DATA EXTRACT section start

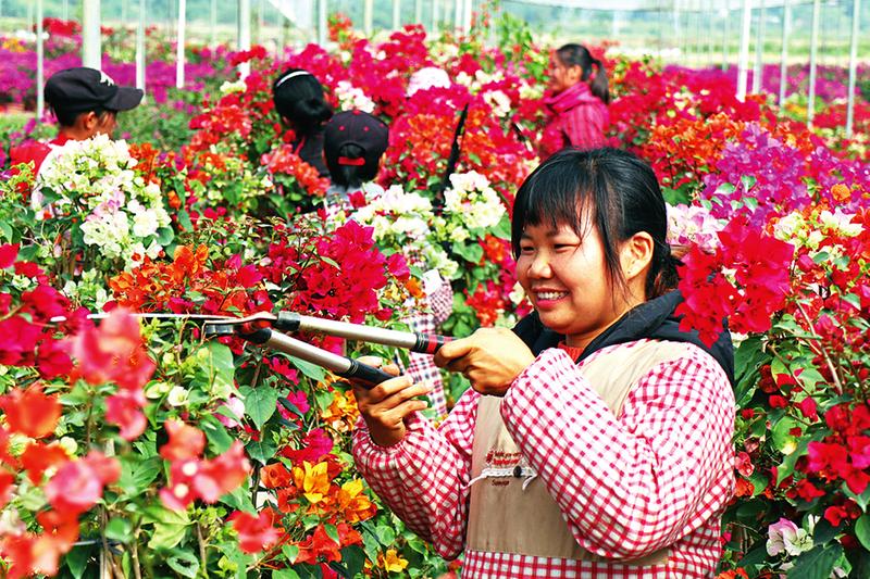 “若不来这里做工,我家恐怕至今还未能脱贫!“在上林县巷贤镇光全村邦光庄的福人湖三角梅培育基地里,杨丽玲一边工作一边满怀喜悦地说。杨丽玲是邦光庄人,尽管丈夫身体不好,但依靠在基地务工每月所得的约3500元工资,她得以挑起供3个孩子上学及照顾丈夫的重任,并于2017年底实现脱贫。如今她已成长为基地的栽花能手,并当上基地的生产队长。
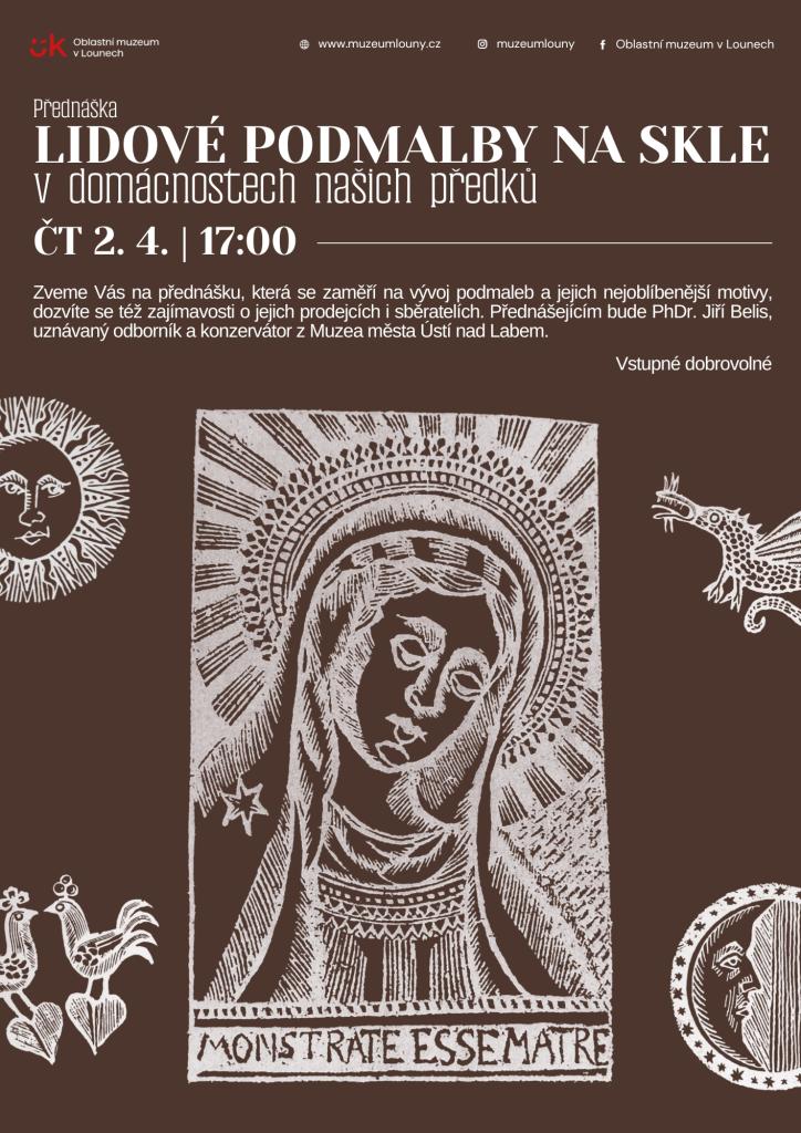 Oblastní muzeum v Lounech Vás zve na přednášku Lidové podmalby na skle v domácnostech našich předků, která proběhne ve čtvrtek 2. 4. 2026 od 17:00. Zaměří se například na vývoj a motivy podmaleb. Přednášejícím bude PhDr. Jiří Belis.
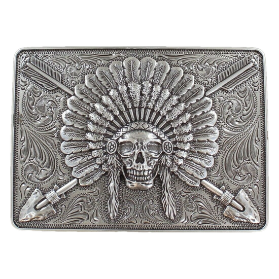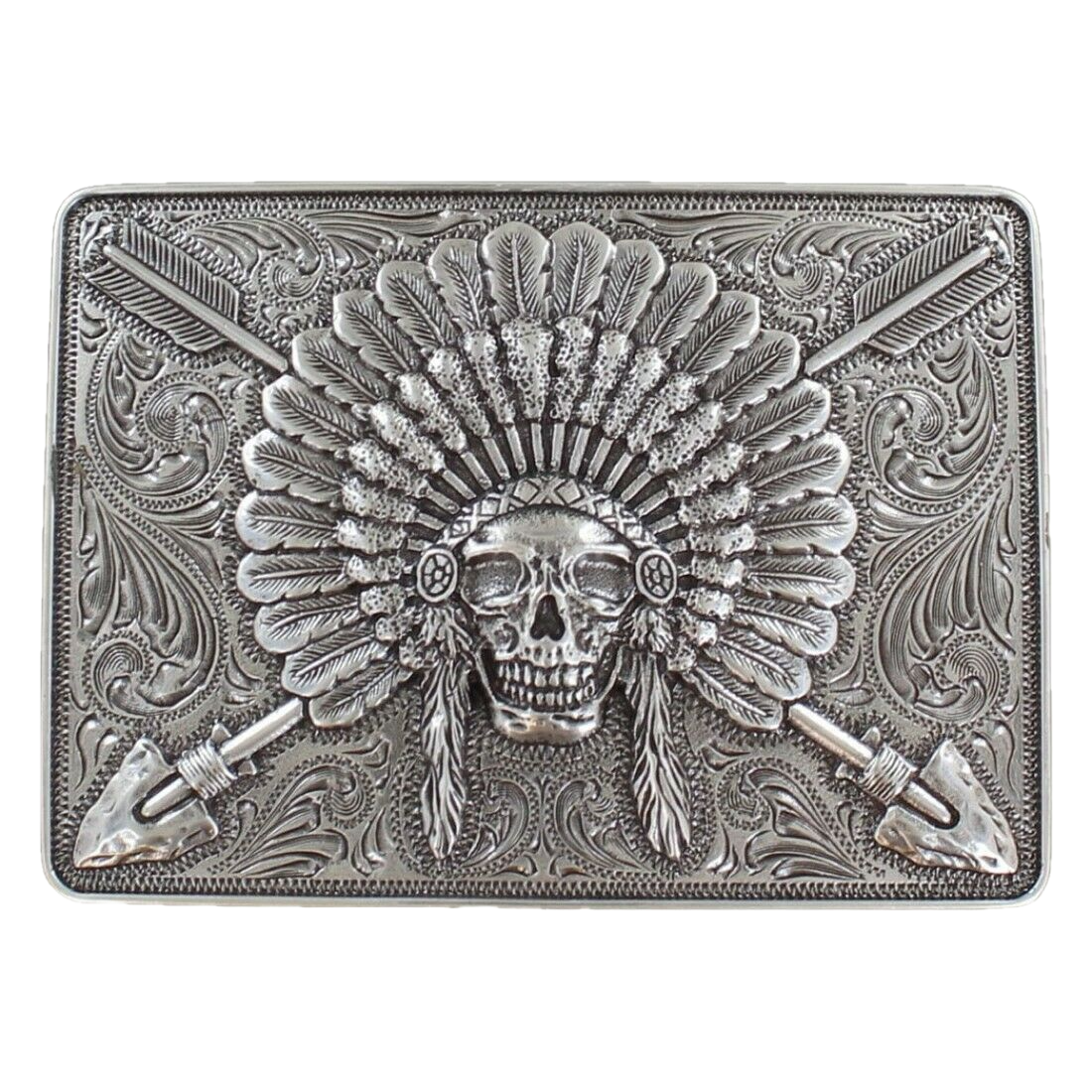Ariat Indian Chief Skull Rectangle Silver Belt Buckle A37009

DATA EXTRACT section end

### ASSIGNMENT
Please output each line above exactly and omit all images.

### ANSWER TO THE EXERCISE
 “若不来这里做工,我家恐怕至今还未能脱贫!“在上林县巷贤镇光全村邦光庄的福人湖三角梅培育基地里,杨丽玲一边工作一边满怀喜悦地说。杨丽玲是邦光庄人,尽管丈夫身体不好,但依靠在基地务工每月所得的约3500元工资,她得以挑起供3个孩子上学及照顾丈夫的重任,并于2017年底实现脱贫。如今她已成长为基地的栽花能手,并当上基地的生产队长。
 Oblastní muzeum v Lounech Vás zve na přednášku Lidové podmalby na skle v domácnostech našich předků, která proběhne ve čtvrtek 2. 4. 2026 od 17:00. Zaměří se například na vývoj a motivy podmaleb. Přednášejícím bude PhDr. Jiří Belis.
Ariat Indian Chief Skull Rectangle Silver Belt Buckle A37009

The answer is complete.